Dataset content
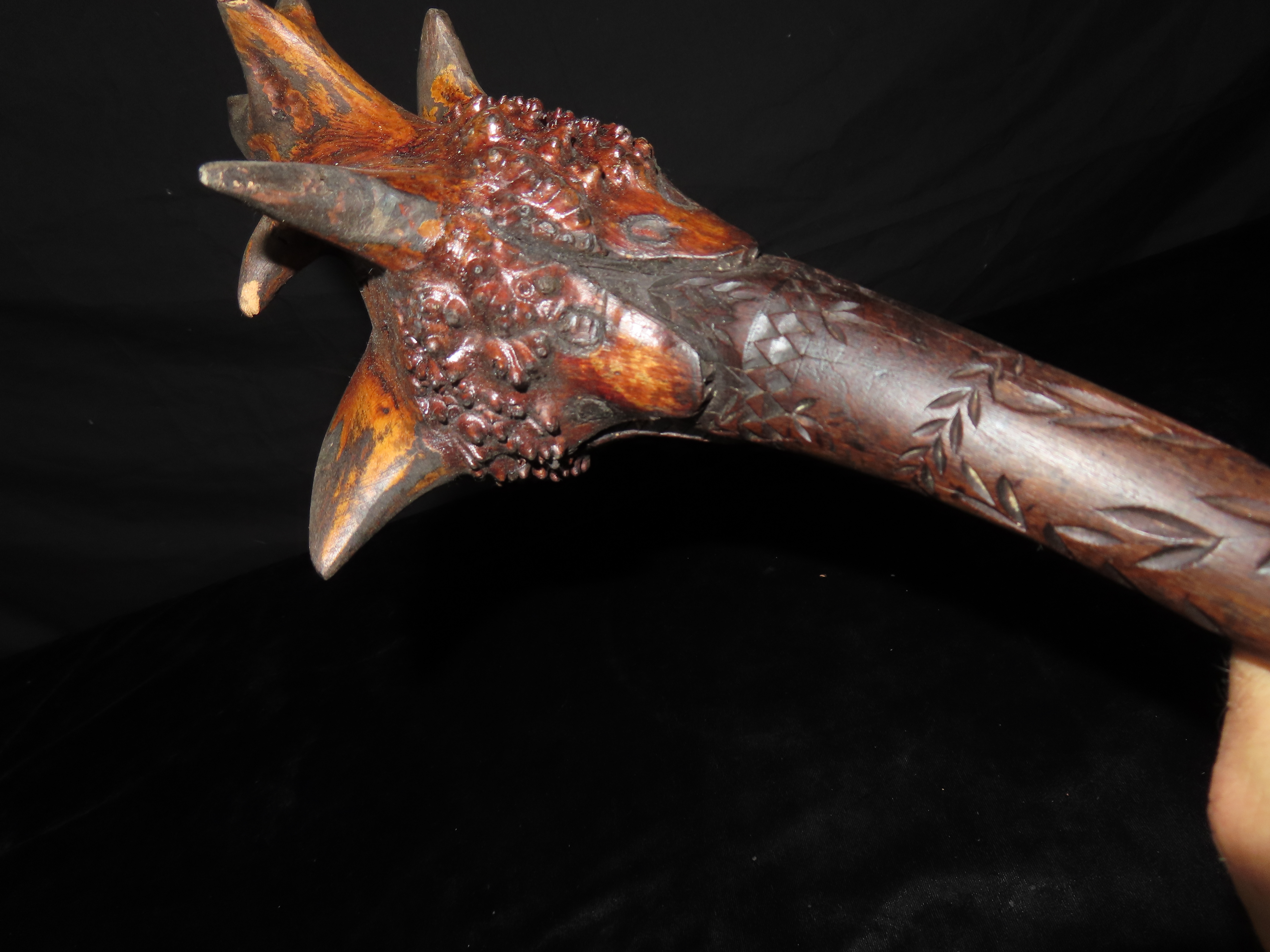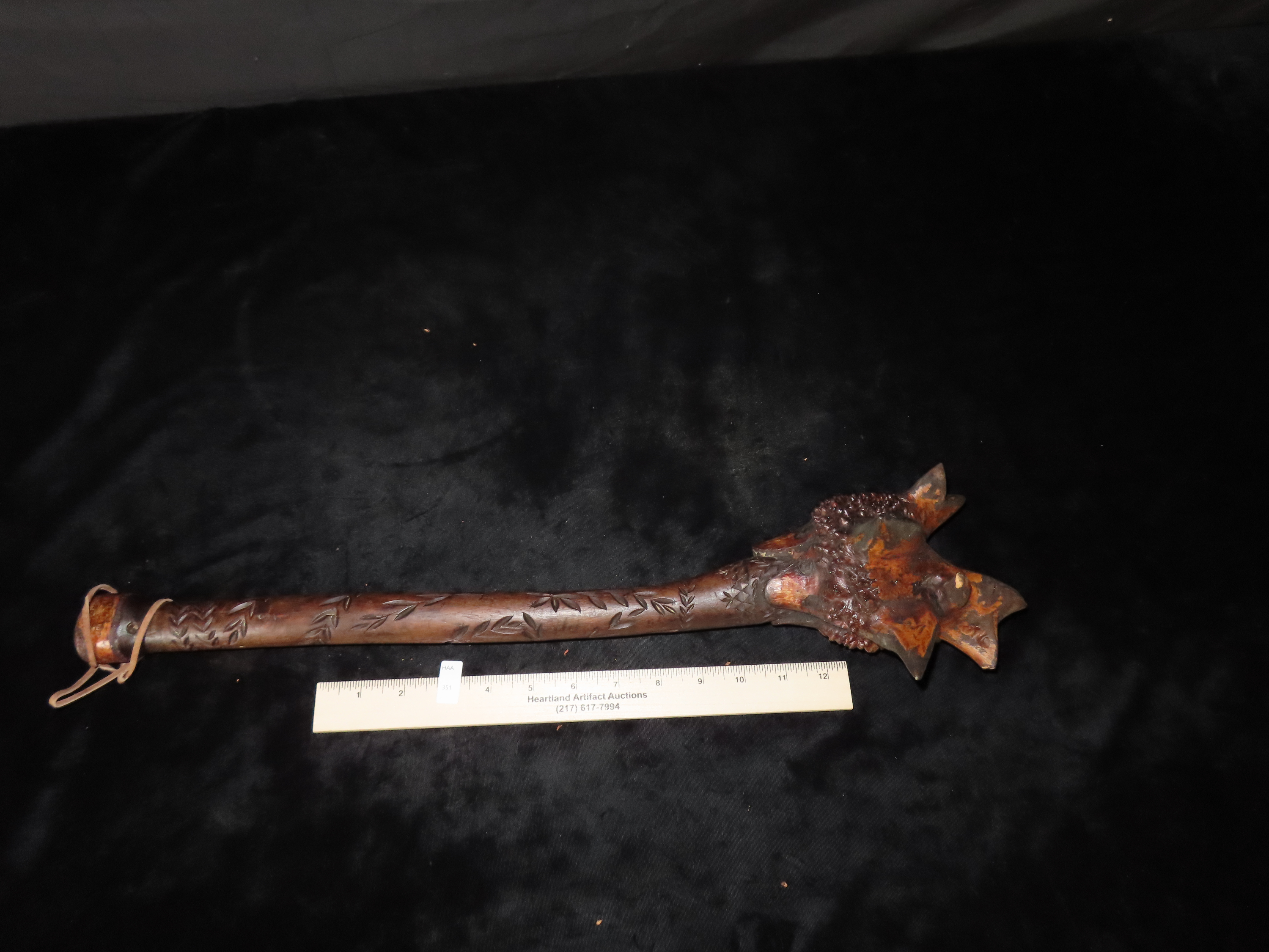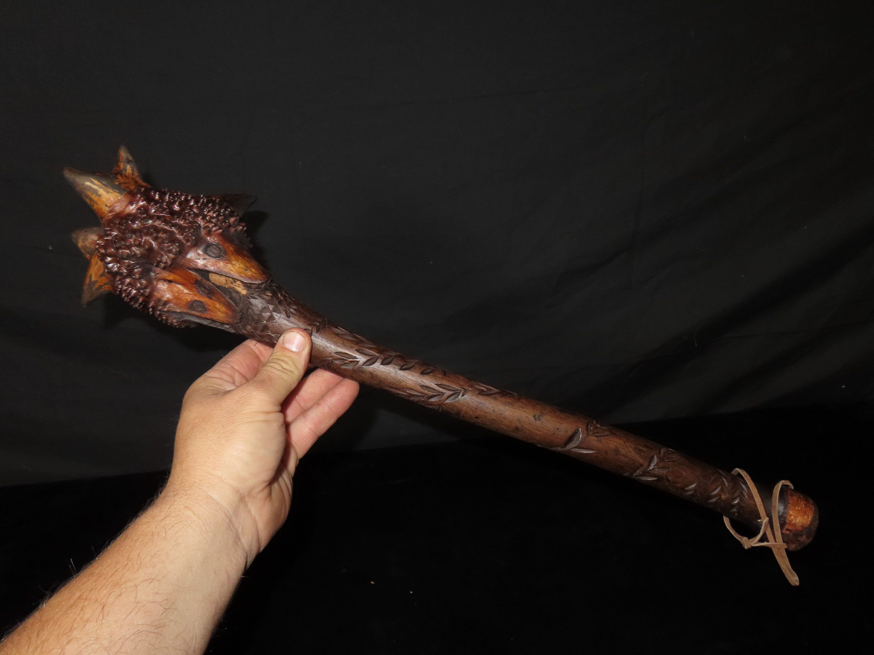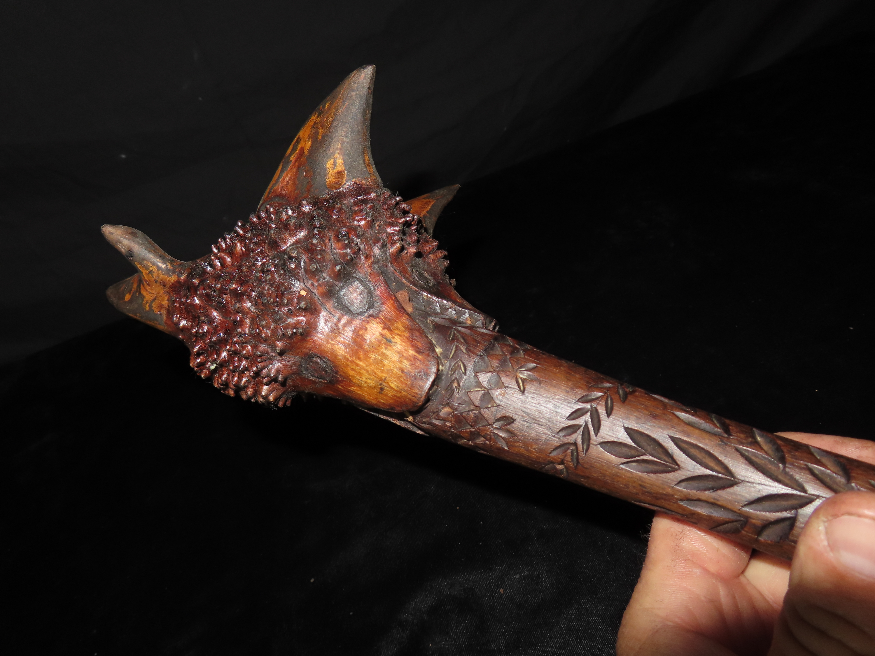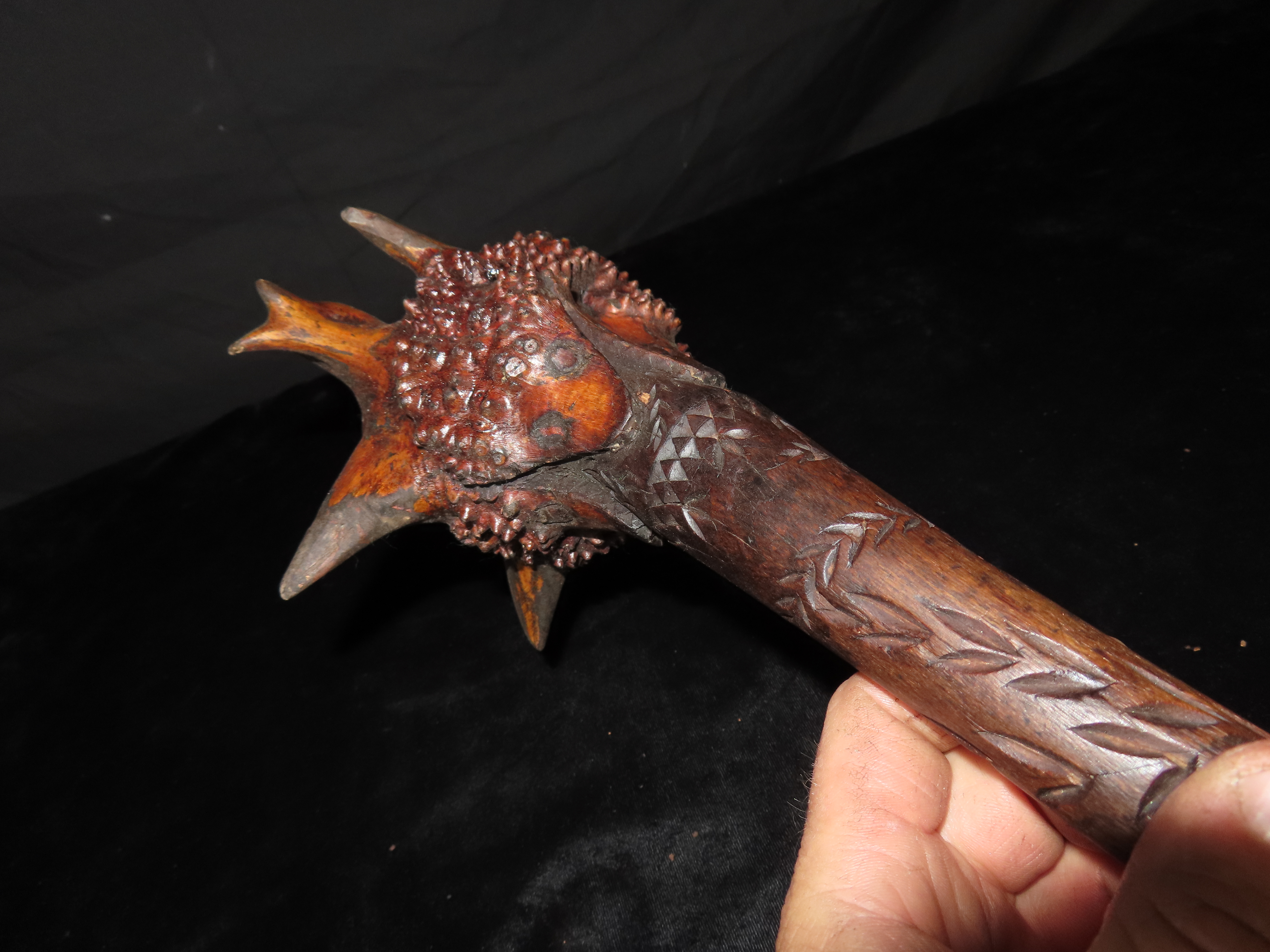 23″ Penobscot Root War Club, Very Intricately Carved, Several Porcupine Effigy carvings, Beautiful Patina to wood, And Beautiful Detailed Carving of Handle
---
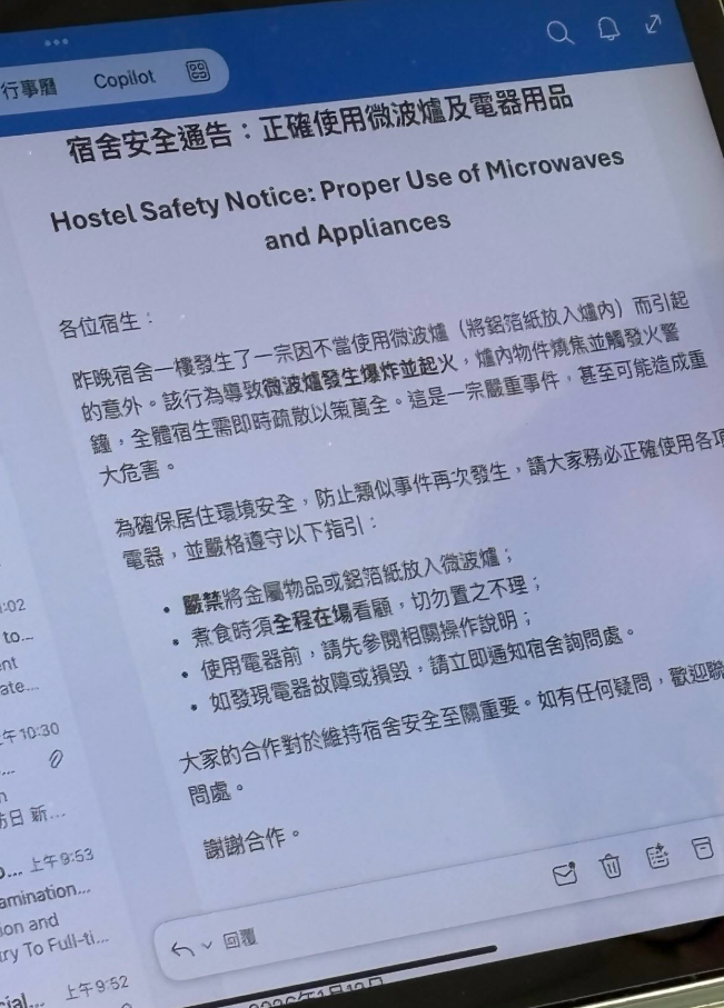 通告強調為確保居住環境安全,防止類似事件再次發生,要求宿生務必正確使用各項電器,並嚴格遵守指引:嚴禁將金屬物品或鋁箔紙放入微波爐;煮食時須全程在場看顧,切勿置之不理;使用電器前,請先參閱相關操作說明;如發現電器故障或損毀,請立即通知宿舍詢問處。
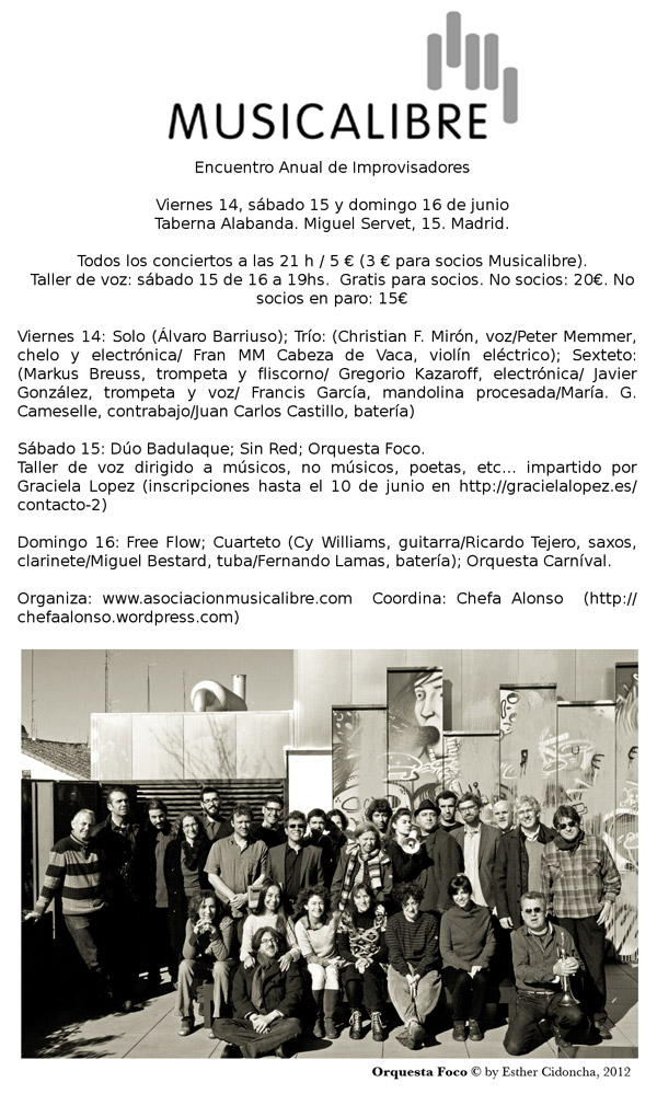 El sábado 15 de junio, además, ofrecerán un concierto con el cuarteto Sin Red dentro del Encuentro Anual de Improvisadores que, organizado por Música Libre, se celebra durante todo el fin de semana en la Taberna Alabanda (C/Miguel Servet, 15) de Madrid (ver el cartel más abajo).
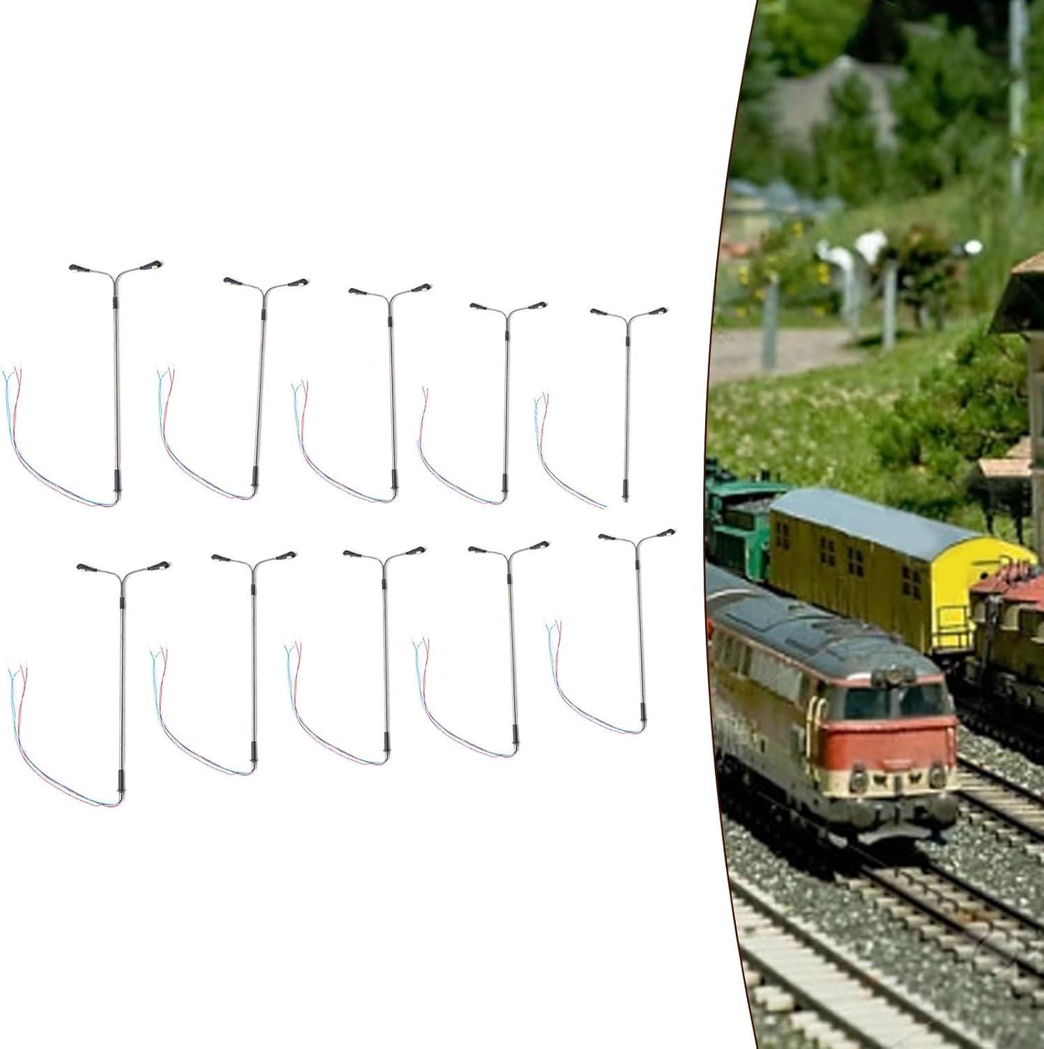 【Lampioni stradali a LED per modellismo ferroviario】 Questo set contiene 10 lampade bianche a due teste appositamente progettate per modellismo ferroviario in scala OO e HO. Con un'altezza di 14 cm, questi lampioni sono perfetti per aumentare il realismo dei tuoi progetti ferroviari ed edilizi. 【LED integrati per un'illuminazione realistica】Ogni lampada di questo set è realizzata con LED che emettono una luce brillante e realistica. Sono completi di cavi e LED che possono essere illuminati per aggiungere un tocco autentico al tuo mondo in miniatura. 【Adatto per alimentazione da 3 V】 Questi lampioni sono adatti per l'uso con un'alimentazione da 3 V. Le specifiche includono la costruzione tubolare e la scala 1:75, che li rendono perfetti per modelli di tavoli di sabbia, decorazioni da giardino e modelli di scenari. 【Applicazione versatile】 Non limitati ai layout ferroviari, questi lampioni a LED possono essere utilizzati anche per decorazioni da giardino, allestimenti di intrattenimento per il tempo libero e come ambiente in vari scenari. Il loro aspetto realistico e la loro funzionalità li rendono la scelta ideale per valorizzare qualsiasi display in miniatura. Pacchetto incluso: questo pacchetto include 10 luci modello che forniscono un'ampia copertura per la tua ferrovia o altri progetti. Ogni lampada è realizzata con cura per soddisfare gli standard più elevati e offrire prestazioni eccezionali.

Prompt
Print exactly the lines above that run from the one with "通告強調為確保居住環境安全,防止類似事件" to the one with "El sábado 15", both included. No pictures.

Finished exercise
 通告強調為確保居住環境安全,防止類似事件再次發生,要求宿生務必正確使用各項電器,並嚴格遵守指引:嚴禁將金屬物品或鋁箔紙放入微波爐;煮食時須全程在場看顧,切勿置之不理;使用電器前,請先參閱相關操作說明;如發現電器故障或損毀,請立即通知宿舍詢問處。
 El sábado 15 de junio, además, ofrecerán un concierto con el cuarteto Sin Red dentro del Encuentro Anual de Improvisadores que, organizado por Música Libre, se celebra durante todo el fin de semana en la Taberna Alabanda (C/Miguel Servet, 15) de Madrid (ver el cartel más abajo).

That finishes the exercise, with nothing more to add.